KK: Well we’re glad you did, John. You said you were elected by the ACEP Council because you’re the right person for the right time. Well, we’ve come a long way in almost 50 years. Tell us why someone who trained in surgery and was board certified in surgery is the right choice to be the President of ACEP next year.
JR: I think the particular skills that our President needs, that I believe the Council recognized in me, are the ability to speak and persuade and to represent the organization, the specialty, and those that practice it. The 50th anniversary marks the end of the first 50 years. The 51st marks the beginning of the next 50. I clearly see the value and benefits of residency training and board certification that I didn’t have the honor of experiencing. Because of that, and many other reasons, I strongly support residency training and board certification in emergency medicine, and most importantly, I always strongly support and advocate for our specialty. This symbolic passing of the torch provides an opportunity to reflect on, acknowledge, and respect our past, while securing a bright future for the next 50 years for those who represent what the gold standard is today and what the future should be tomorrow.

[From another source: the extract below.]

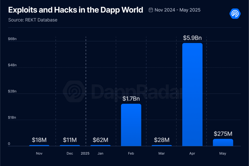 尽管这一数字较 4 月创纪录的损失大幅下降了 95%,这在很大程度上是由于 Mantra DAO 事件所致,但将此视为复苏的迹象则具有误导性。5 月单次攻击的严重程度凸显了 dapp 生态系统中持续存在的系统性漏洞。

KK: What I’m hearing in your words and what I see in you as a great leader, John, is that you have experienced, and come from, a time where emergency medicine wasn’t fully developed, and you are a legacy member of the organization that sees the future and the vision of where the specialty absolutely should go. We can’t evolve appropriately as a specialty if we do not recognize, but also embrace, our past.
JR: There were no emergency physicians, and certainly none board certified, when I was in medical school or during residency. There was no one for me to model myself after. People that came closest were the surgeons, but there was not a board-certified surgeon in my community until 1989. In Augusta, the emergency medicine program here in Georgia didn’t get started until the late 80s, and the one at Emory didn’t get started until the early 90s.